= New York Percussion Trio =

American musical group

The New York Percussion Trio was a three-member musical group consisting of two percussionists and one pianist, active in the New York City area from the early 1950s until the mid-1970s.

The group was originally formed in 1954 as the Dance-Percussion Trio, to accompany performances by the modern dancer Daniel Nagrin; Nagrin was a member of the trio along with the pianist David Shapiro and the percussionist Ronald Gould. The group toured the United States in June and July 1954. Following this tour, the Dance-Percussion Trio disbanded and the musicians added a second percussionist, Arnold Goldberg, thus forming a trio of two percussionists and a pianist. Shapiro was later replaced by Rolf Barnes, though he later rejoined the group.
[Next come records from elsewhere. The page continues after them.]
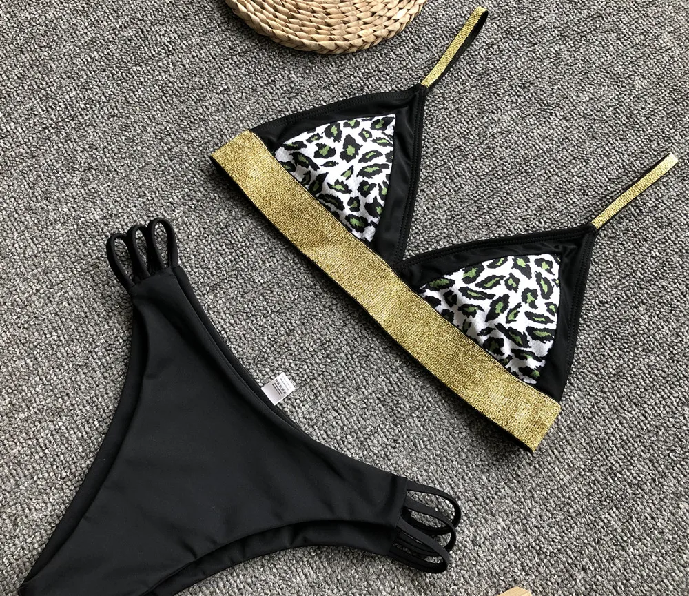 | Explosion Ladies Bikini Split Sexy Swimsuit European And American Sequin Bikini Sexy Leopard Stitching Swimsuit Mid Waist Bikini |
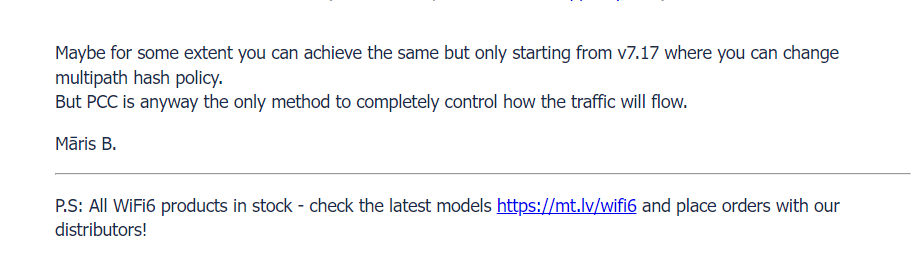 为此还咨询MikroTik官方关于v7的ECMP是否可以代替PCC的问题,官方并没有正面回答,ECMP某种程度上可以实现PCC功能,但认为PCC还是当前最好的选择。
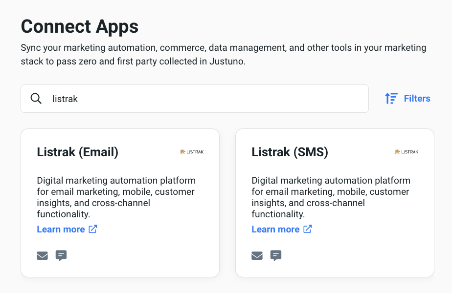 This article will cover how to connect Listrak (Email & SMS) to Justuno, available functionality, and any additional requirements.
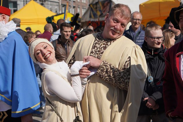 De 10h00 à 10h45, nous pourrons applaudir « Goliath » – déjà présent à Namur, en 1458 –, sa famille de Géants namurois & ses « Chevaux Godin », précédant Don Juan d’Autriche, la Reine Margot, Blanche de Namur & Magnus IV Eriksson, suivis des danses traditionnelles (arèdjes, quadrilles, matelottes, mazurkas, passe-pieds, polkas, troikas & valses) de la « Frairie royale des Masuis & Cotelis jambois », fondée en 1960.
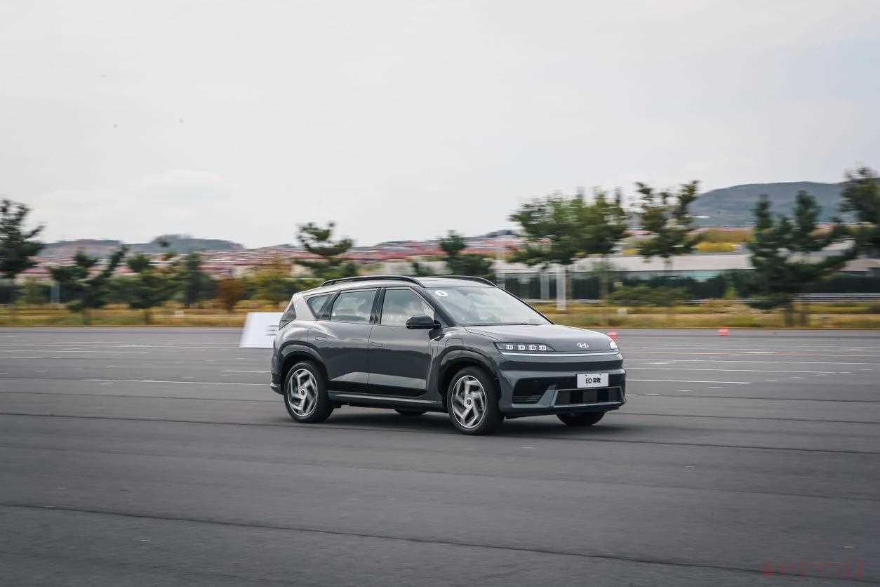 再聊聊底盘,这台车基于E-GMP纯电平台打造,悬架是前麦弗逊加后五连杆,还经过了300多组减振器调校,实际开起来能感觉到滤震做得比较均衡。走那种有细碎颠簸的路面时,比如小区里的石板路或者国道上的小坑洼,车身不会有明显的颠簸感,座椅也不会把震动直接传上来,不会觉得硌腰;就算遇到大一点的减速带,放慢速度过,也没有多余的晃动,不会像有些车那样,过减速带后拉不住车身,还得晃两下才能稳住。

The trio commissioned a number of new works from contemporary composers, including Harold Farberman (Variations for Percussion With Piano, 1954), Halim El-Dabh (Hindi-Yaat no. 1 and Tabla-Tahmeel no. 1, both 1959, and Tabla-Dance, 1961), and Gitta Steiner (Trio, 1969). They were one of the first American percussion ensembles to utilize traditional percussion instruments from India (including tabla and mridangam), which Gould brought back following a 1959 tour of that nation with The Little Orchestra Society of New York.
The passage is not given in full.